Plus largement, le paritarisme va être cet instrument apportant une alternative à l’entrée d’emblée dans le conflit, lequel impacte forcément les salariés dans leurs revenus et donc dans leur vie. Il va permettre de tenter, d’abord par la négociation, de trouver avec l’interlocuteur un modus vivendi, un accord qui soit le plus profitable aux travailleurs, qui permette de les protéger, d’améliorer leurs droits ou mieux encore d’en créer. Cela n’exclut pas un rapport de force construit, au besoin la menace, voire l’organisation d’une grève. La  négociation n’a rien d’une solution facile, elle implique que l’interlocuteur accepte d’en être un réellement, qu’il comprenne son intérêt d’entendre les revendications, et encore mieux d’y répondre.

 

Le paritarisme ne peut être inféodé aux stratégies budgétaires

 

Le paritarisme implique aussi une liberté d’action des interlocuteurs sociaux, tant dans la négociation que dans la gestion. Or, cela se complique.

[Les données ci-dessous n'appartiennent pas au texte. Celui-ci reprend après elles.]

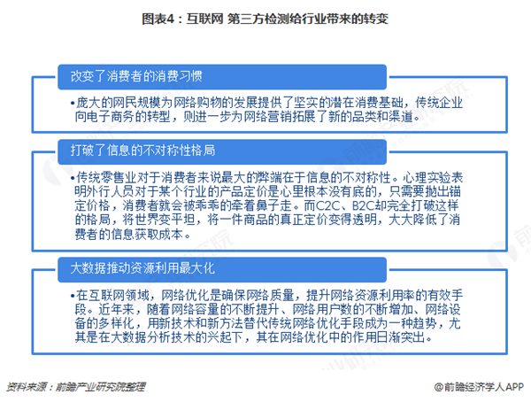 踏著互聯(lián)網(wǎng)發(fā)展的春風(fēng),我國第三方檢測機(jī)構(gòu)也開始互聯(lián)網(wǎng)化轉(zhuǎn)型之路,積極利用大數(shù)據(jù)推動資源利用的最大化,擴(kuò)大消費者對于第三方檢測行業(yè)的認(rèn)知,從而擴(kuò)大下游需求的增長。

L’État s’immisce de plus en plus.


La fiscalisation (par la CSG/CRDS) du salaire différé (les cotisations sociales ont quant à elles une affectation dédiée précise), engagée depuis trente ans, soutient cette attitude.


La Confédération FO  pointe ainsi régulièrement le risque d’étatisation de la Sécu. Parallèlement, au nom de l’abaissement du coût du travail, les exonérations des cotisations employeurs (désormais à hauteur de 75 milliards d’euros par an), décidées depuis ces trente dernières années, continuent de mettre à mal les comptes sociaux et, du fait des compensations, génèrent de la dette publique.

 

Actuellement, l’exécutif, visant à ramener le déficit public sous le seuil de 3 % du PIB en 2027, organise le recul massif des dépenses publiques pour remplir cet objectif. Les travailleurs sont directement visés, notamment à travers l’attaque de leur protection sociale.
 

Et donc du paritarisme. Ici, c’est une lettre de cadrage qui vient compliquer la négociation sur l’Assurance chômage, suivie du non-respect de l’accord trouvé, puis de l’annonce par l’État d’une reprise en main pour une réforme qui dégraderait encore les droits des plus fragiles. Là, c’est une volonté récurrente de ponctionner le régime Agirc-Arrco, excédentaire. Autrement dit, la captation de recettes appartenant aux salariés et aux retraités. Ce sont aussi des ponctions régulières sur Action Logement, ou encore le projet de modifier sa structure… 

 

Nous devons sauver le paritarisme, insiste le secrétaire général de FO, Frédéric Souillot.